M. Renaud DELOFFRE a avisé les parties que l’arrêt sera prononcé le 31 Janvier 2025 par mise à disposition au greffe de la copie dans les conditions prévues au deuxième alinéa de l’article 450 du code de procédure civile.
GREFFIER LORS DES DÉBATS : Mme Charlotte RODRIGUES
PRONONCÉ :
Le 31 Janvier 2025, l’arrêt a été rendu par mise à disposition au greffe et la minute a été signée par M. Renaud DELOFFRE, président et Mme Charlotte RODRIGUES, greffier.
*
* *
DECISION
La société [Adresse 16] (ci-après [14]) est spécialisée dans le transport de voyageurs.

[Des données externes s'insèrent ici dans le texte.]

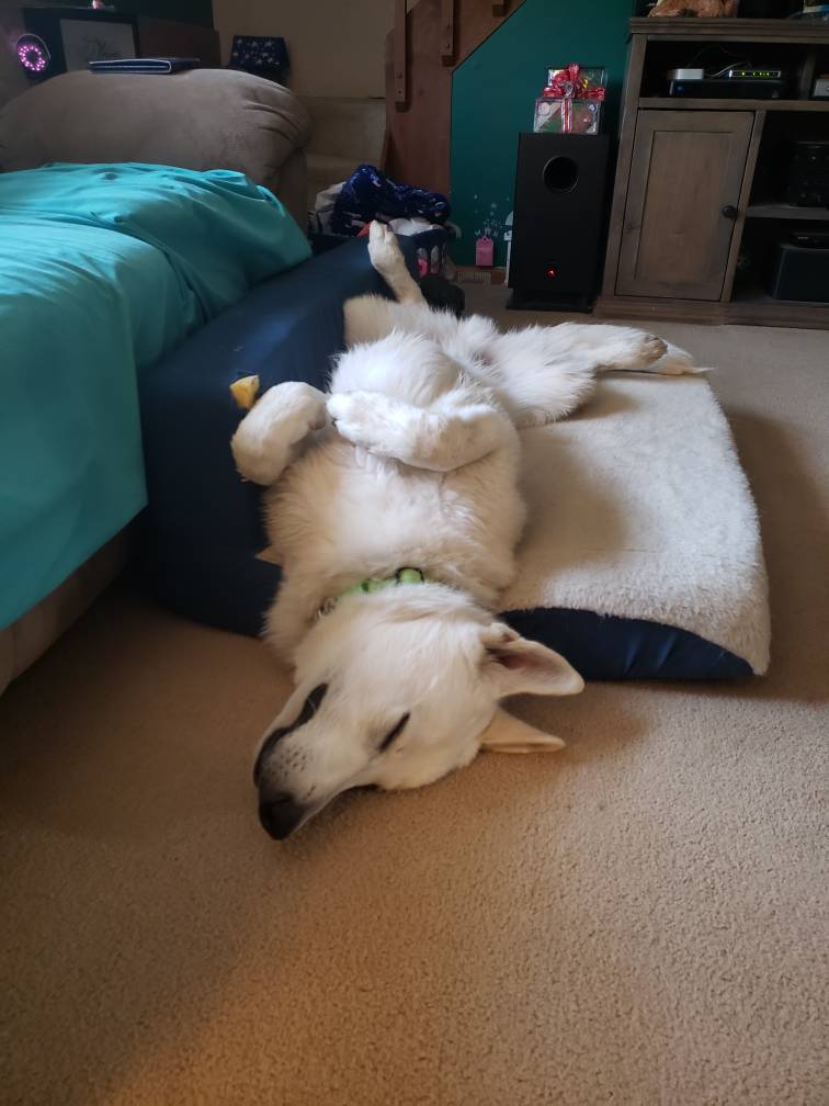 Ruger doesn't get on the furniture. I made that mistake with my last dog, and never could understand how a 75 lb lab could take up an entire bed. When checking into a motel she would often get the queen sized, and I would get the twin. She wasn't spoiled.... :D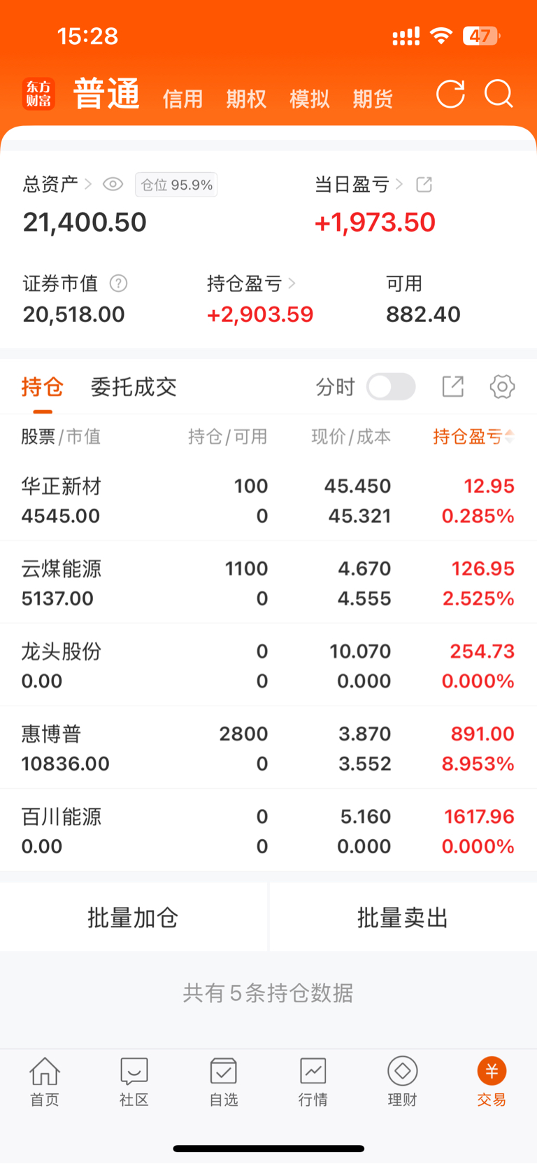 从今年三月一号入市到现在操作最6的一天,运作五个票全红收益十个点,自学一路砸钱买经验,八月开始摸到一点东西,打板用三分一轻仓赢干重仓4分之3仓重亏五十个点拉赢至赢5个点,九月摸到第二个模式但贪心了两边都想得结果又重亏一个月,这个月开始专心做笫二个模式,也只剩下最后一点体验券,希望能长长久久的走下去。

Elle est classée sous le code risque 602BD « transports terrestres de voyageurs, y compris par taxi ».
Son taux de cotisation AT/MP 2022 a été fixé à 8%.
En 2023, elle s’est vu notifier un taux de cotisation AT/MP de 10% .

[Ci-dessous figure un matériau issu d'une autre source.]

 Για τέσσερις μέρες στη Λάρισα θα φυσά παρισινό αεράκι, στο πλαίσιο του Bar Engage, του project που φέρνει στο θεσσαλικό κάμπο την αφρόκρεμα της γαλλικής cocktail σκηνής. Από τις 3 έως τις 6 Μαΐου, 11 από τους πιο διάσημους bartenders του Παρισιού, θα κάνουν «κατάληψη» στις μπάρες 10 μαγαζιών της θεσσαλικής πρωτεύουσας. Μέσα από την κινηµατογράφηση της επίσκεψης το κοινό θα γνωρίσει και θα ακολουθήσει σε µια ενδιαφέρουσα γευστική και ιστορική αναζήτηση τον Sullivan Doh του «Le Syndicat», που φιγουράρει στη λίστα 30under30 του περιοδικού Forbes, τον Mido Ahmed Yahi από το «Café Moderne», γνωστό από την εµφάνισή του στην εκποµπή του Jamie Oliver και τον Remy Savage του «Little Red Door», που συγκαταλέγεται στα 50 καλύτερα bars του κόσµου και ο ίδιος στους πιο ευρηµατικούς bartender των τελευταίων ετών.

Le 1er octobre 2023, la société [14] a absorbé l’établissement exploité par la société [8] sous le SIRET n° [N° SIREN/SIRET 1].
Consécutivement à cette reprise, la société [14] s’est vue notifier un taux de cotisation AT/MP de 10% à effet du 1er janvier 2023.
Par courrier du 22 décembre 2023, la société [14] a contesté les modalités de calcul de ce taux de 10% auprès de la [10].
Selon elle, en application de l’article D.242-6-15 du Code de la sécurité sociale, le taux à effet du 1er octobre 2023 aurait dû être calculé en considération d’un taux N-1 fictif pondéré tenant compte des taux notifiés l’année précédente à la société [14] d’une part et à la société [13] d’autre part.
Par courrier du 12 février 2024, la [10] a rejeté le recours de la société [14].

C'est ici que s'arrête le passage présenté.